> [PROBLEM TO SOLVE]
An exact transcription of every entry is required, with the images left out.

____

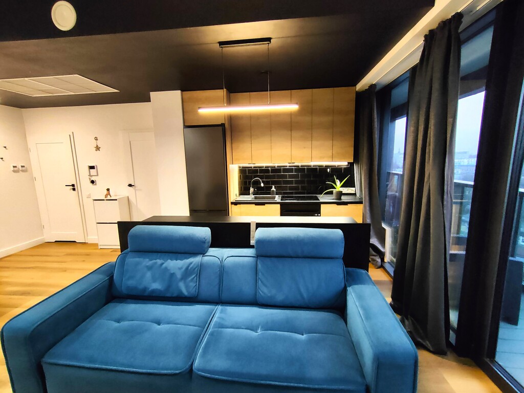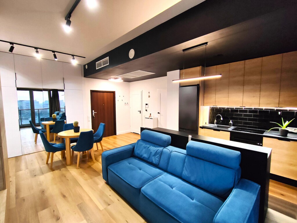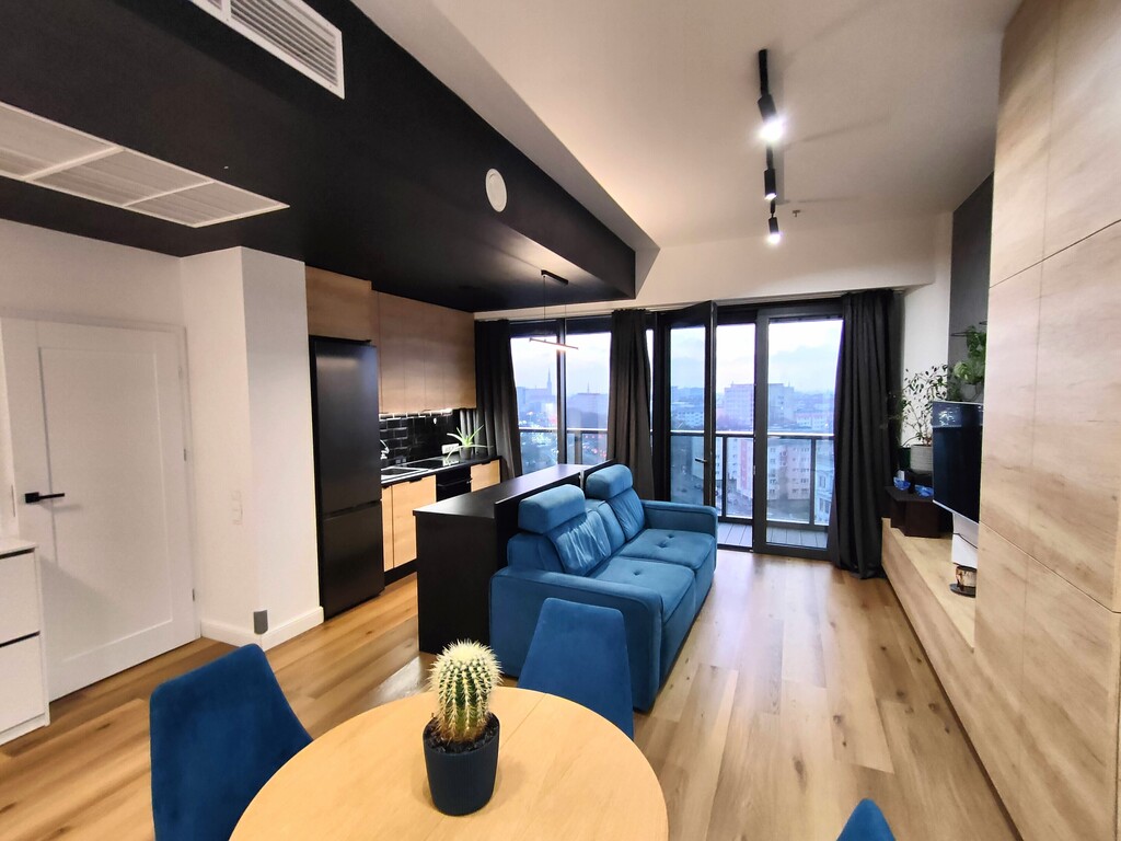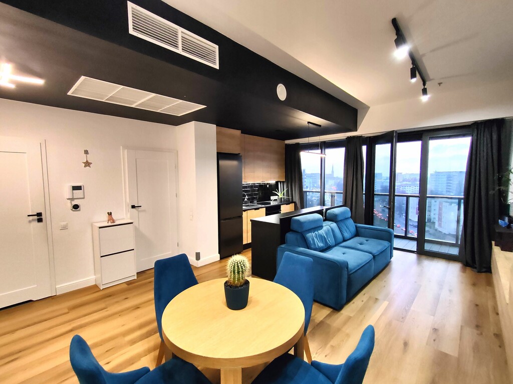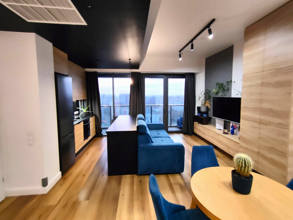 Opis mieszkania Apartament wykończony w nowoczesnym, spójnym stylu, z wykorzystaniem materiałów wysokiej jakości. Jasny salon połączony z aneksem kuchennym tworzy komfortową, dobrze doświetloną przestrzeń dzienną. Duże przeszklenia prowadzą na loggię i zapewniają atrakcyjny widok na centrum miasta.
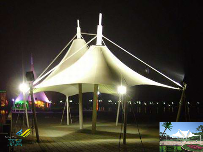 景觀張拉膜作為一種建筑體系所具有的特性主要取決于其獨特的形態(tài)及膜材本身的性能。恰由于此,用膜結(jié)構(gòu)可以創(chuàng)造出傳統(tǒng)建筑體系無法實現(xiàn)的設(shè)計方案。
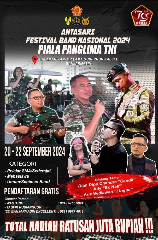 Antasari Festival Band Nasional 2024 Piala Panglima TNI akan dilaksanakan Komando Resor Militer (Korem) 101/Antasari, di kantor Gubernur Kalimantan Selatan lama, di Banjarmasin.
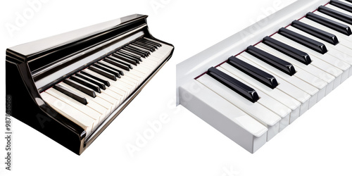 Piano keyboard with black and white keys on transparent background
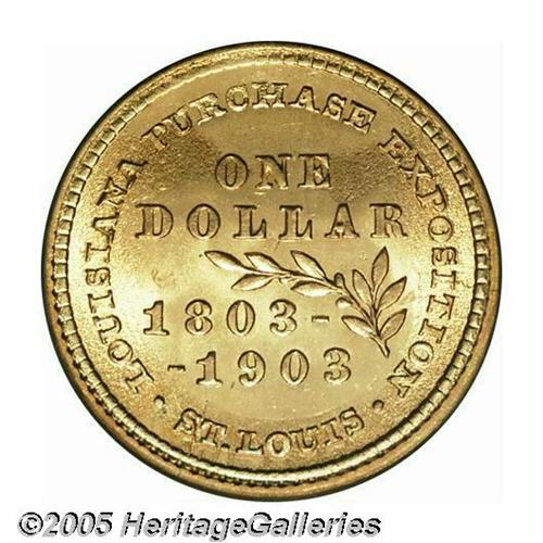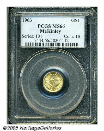 <B>1903<G$1> Louisiana Purchase/McKinley MS66 PCGS.</B></I> Intricately detailed with radiant, totally original surfaces that are temptingly close to a Superb classification, being kept from that higher level by a few tiny frost breaks on McKinley's coat.
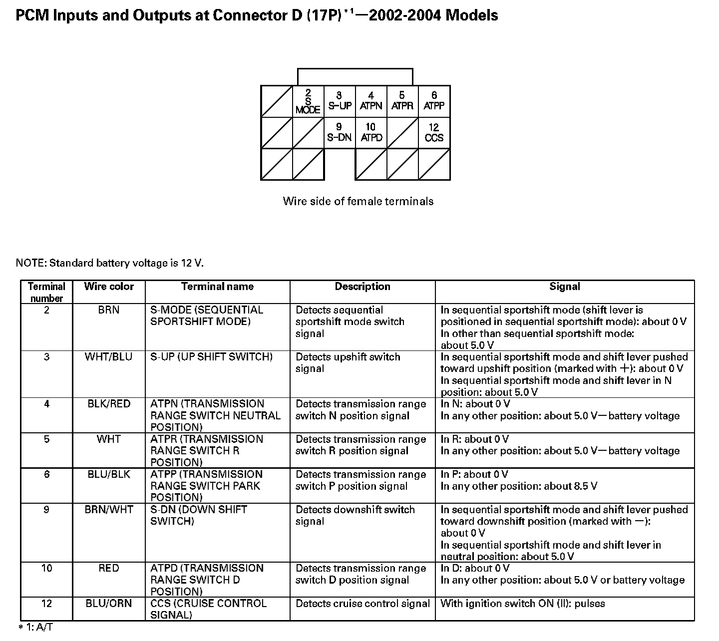 PCM Inputs And Outputs At Connector D (17P):
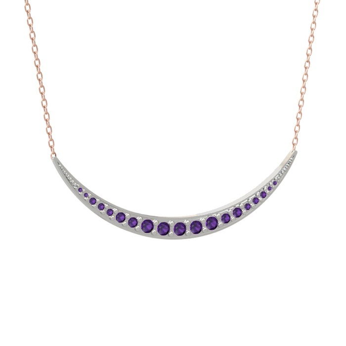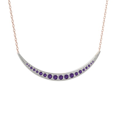 Ametist 925 ayar gümüş kolye (40 cm rose altın rolo zincir)
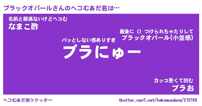 | 男性向けラノベタイトル風あだ名 | 『ブラックオパールの憂鬱』 |
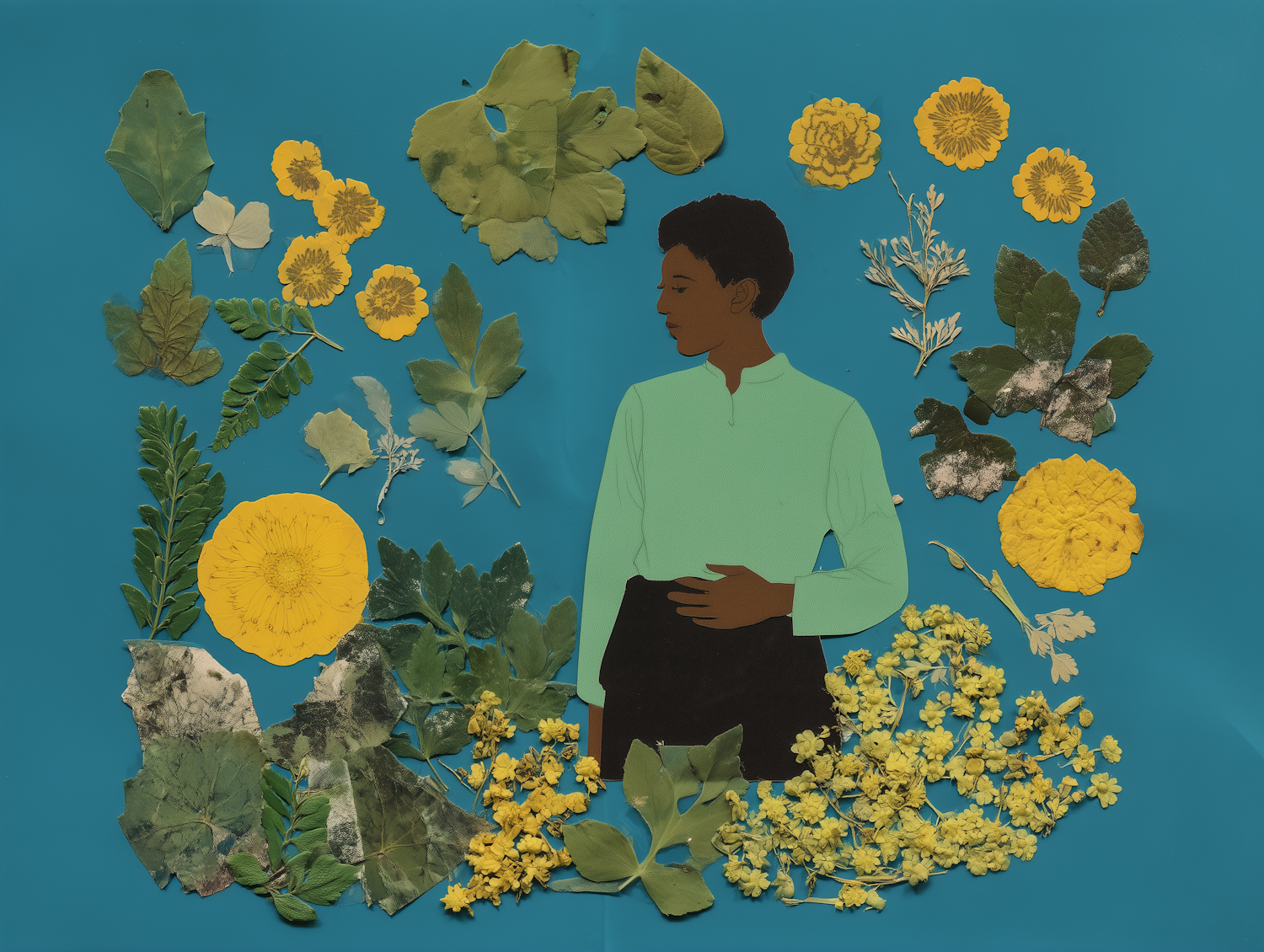 A colorful illustration of a person surrounded by yellow flowers and green leaves on a teal background, radiating natural beauty.
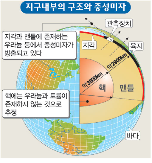 일본 도호쿠대학과 미국,중국,프랑스 학자 87명으로 이뤄진 4개국 공동연구진은 지구 내부의 우라늄 핵 분열시 나오는 지구뉴트리노를
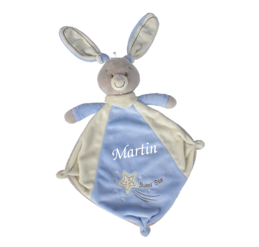 Doudou lapin bleu Nicotoy de 35 cm à personnaliser
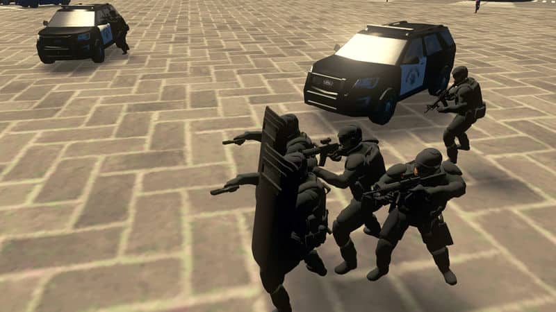 These are props. Each prop has unique weapon and form. Rifle, Shotgun, Submachine gun, Shield and pistol. So you can make various situations. Special Weapons Assault Team, man, male, criminal, military, army, FBI, prop.
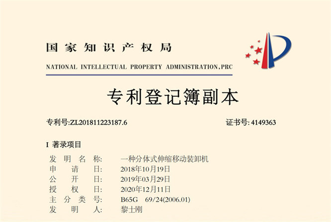 一種分體式伸縮移動裝卸機
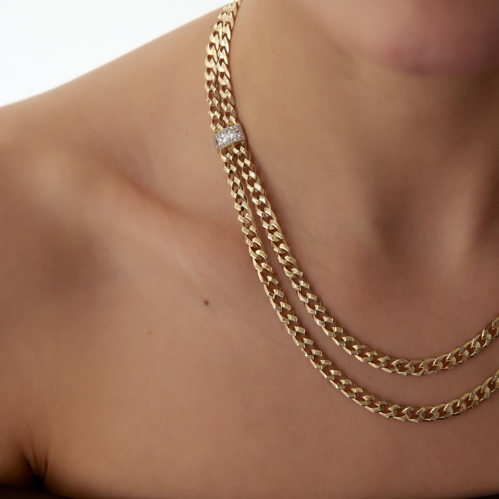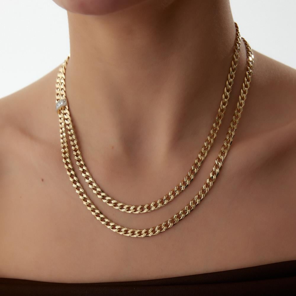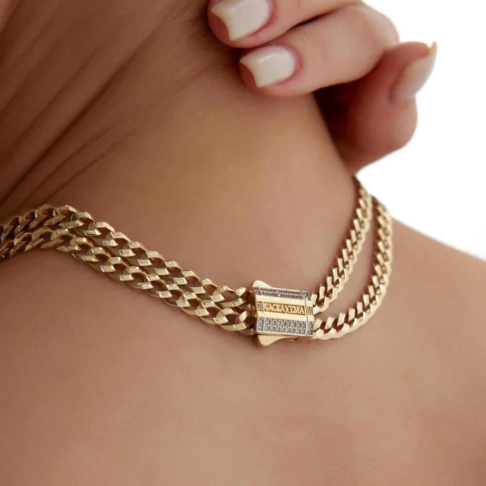 Ema Çift Zincir Tasarım Altın Gurmet Kolye

____

> [RESULT FOR THIS EXERCISE]
 Opis mieszkania Apartament wykończony w nowoczesnym, spójnym stylu, z wykorzystaniem materiałów wysokiej jakości. Jasny salon połączony z aneksem kuchennym tworzy komfortową, dobrze doświetloną przestrzeń dzienną. Duże przeszklenia prowadzą na loggię i zapewniają atrakcyjny widok na centrum miasta.
 景觀張拉膜作為一種建筑體系所具有的特性主要取決于其獨特的形態(tài)及膜材本身的性能。恰由于此,用膜結(jié)構(gòu)可以創(chuàng)造出傳統(tǒng)建筑體系無法實現(xiàn)的設(shè)計方案。
 Antasari Festival Band Nasional 2024 Piala Panglima TNI akan dilaksanakan Komando Resor Militer (Korem) 101/Antasari, di kantor Gubernur Kalimantan Selatan lama, di Banjarmasin.
 Piano keyboard with black and white keys on transparent background
 <B>1903<G$1> Louisiana Purchase/McKinley MS66 PCGS.</B></I> Intricately detailed with radiant, totally original surfaces that are temptingly close to a Superb classification, being kept from that higher level by a few tiny frost breaks on McKinley's coat.
 PCM Inputs And Outputs At Connector D (17P):
 Ametist 925 ayar gümüş kolye (40 cm rose altın rolo zincir)
 | 男性向けラノベタイトル風あだ名 | 『ブラックオパールの憂鬱』 |
 A colorful illustration of a person surrounded by yellow flowers and green leaves on a teal background, radiating natural beauty.
 일본 도호쿠대학과 미국,중국,프랑스 학자 87명으로 이뤄진 4개국 공동연구진은 지구 내부의 우라늄 핵 분열시 나오는 지구뉴트리노를
 Doudou lapin bleu Nicotoy de 35 cm à personnaliser
 These are props. Each prop has unique weapon and form. Rifle, Shotgun, Submachine gun, Shield and pistol. So you can make various situations. Special Weapons Assault Team, man, male, criminal, military, army, FBI, prop.
 一種分體式伸縮移動裝卸機
 Ema Çift Zincir Tasarım Altın Gurmet Kolye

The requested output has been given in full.